Sending me to a blank page instead of a promised eligibility report? That’s a little harder to swallow.

HealthCare.gov null

Most browsers didn’t even get this far. Go open source!

A friendly customer service agent did try to help me over live chat, but didn’t inspire much confidence. She was able to walk me through turning off pop-up blockers in several browsers, but since the chat itself was happening in a pop-up window, I was pretty certain that wasn’t the issue.

HealthCare.gov chat window

PROTIP: Pop-up windows and text boxes are allowed to be wide enough for the content they hold.

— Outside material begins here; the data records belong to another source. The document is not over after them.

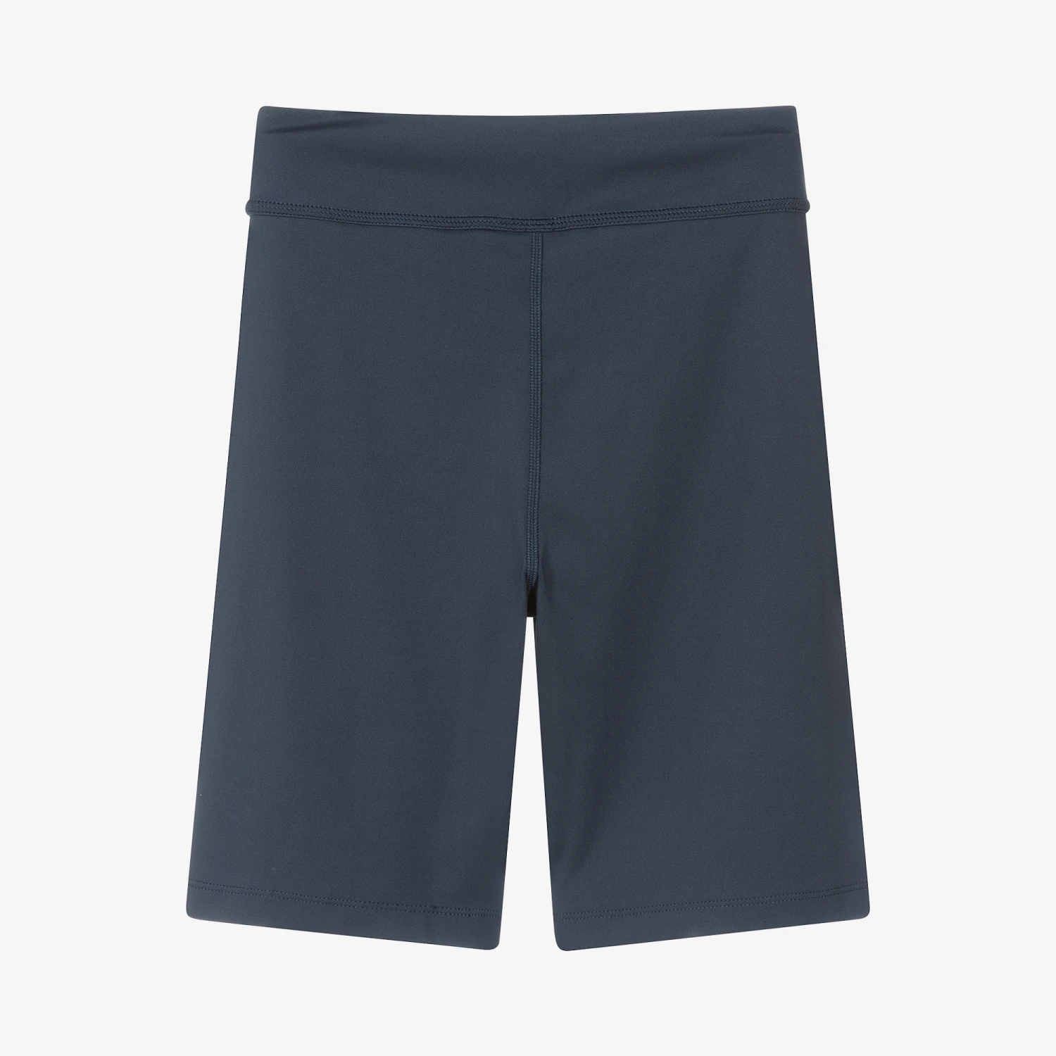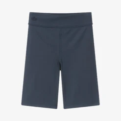 Sporty and comfortable, blue-grey cycling shorts for girls by French label Lacoste. Silky smooth and stretchy, they are made in recycled nylon with a rubberised crocodile logo on the gently elasticated waistband for a signature look. They are stylish and comfy to wear for
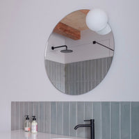 Illuminated decorative mirror with glass shade and integrated dimmable LED. Ideal for the bathroom, living room, bedroom or corridor.
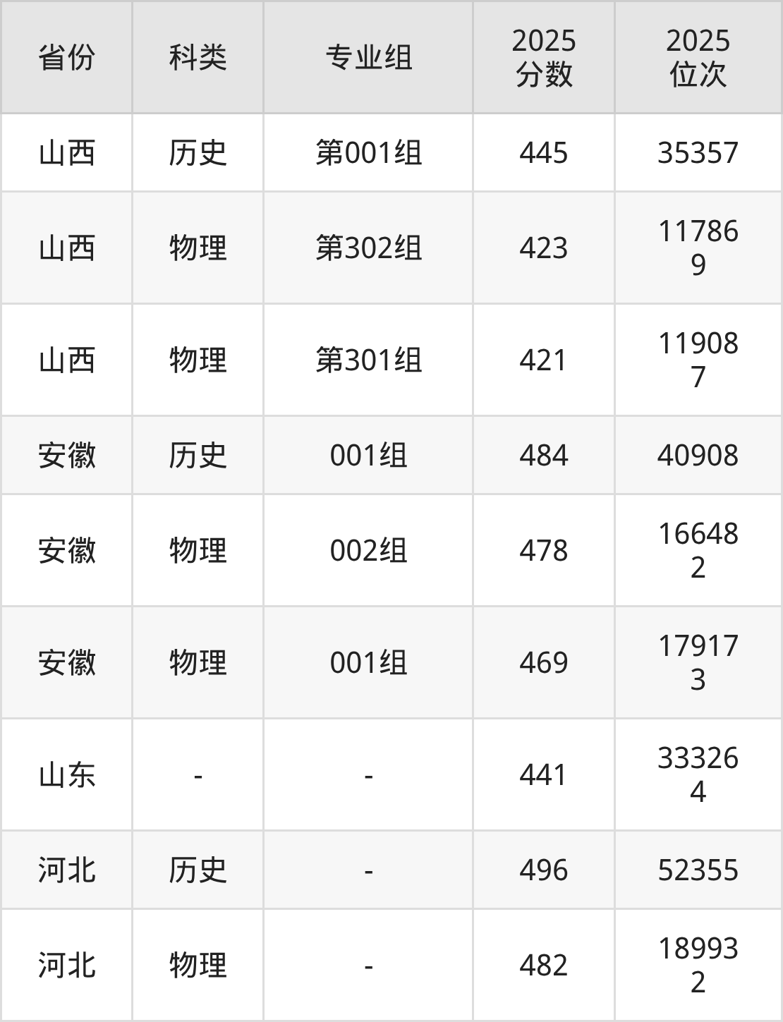 2025山东华宇工学院在各省录取最低分在421分到496分之间不等,其中分数门槛最低的是山西,最高的是河北。下面展示山东华宇工学院录取分数线最低的5个省份(含最低分专业组及位次):

So my curiosity about health insurance options will have to wait. There’s been plenty of pontificating about how the tech sector would have supposedly done better setting up a portal like this. Like most big projects, the construction of HealthCare.gov was in fact contracted to an outside firm, but it still had to adhere to guidelines set up in the Affordable Care Act; there was no freedom to implement what worked first and innovate later.

There were undoubtedly unique challenges with such a large project and hard deadline. Still, many of the problems come down to sheer sloppiness.

HealthCare.gov error message

PROTIP #2: Learn periods. And tenses.

It’s months before the individual mandate to have health insurance goes into effect. In the meantime, HealthCare.gov is getting fixed, and anyone can still apply by phone. Would I pick the federal government to design my startup’s website? No. But a stuttering unveiling does not a policy failure make. By incorporating user feedback and perhaps hiring some new developers, HealthCare.gov can still be useful.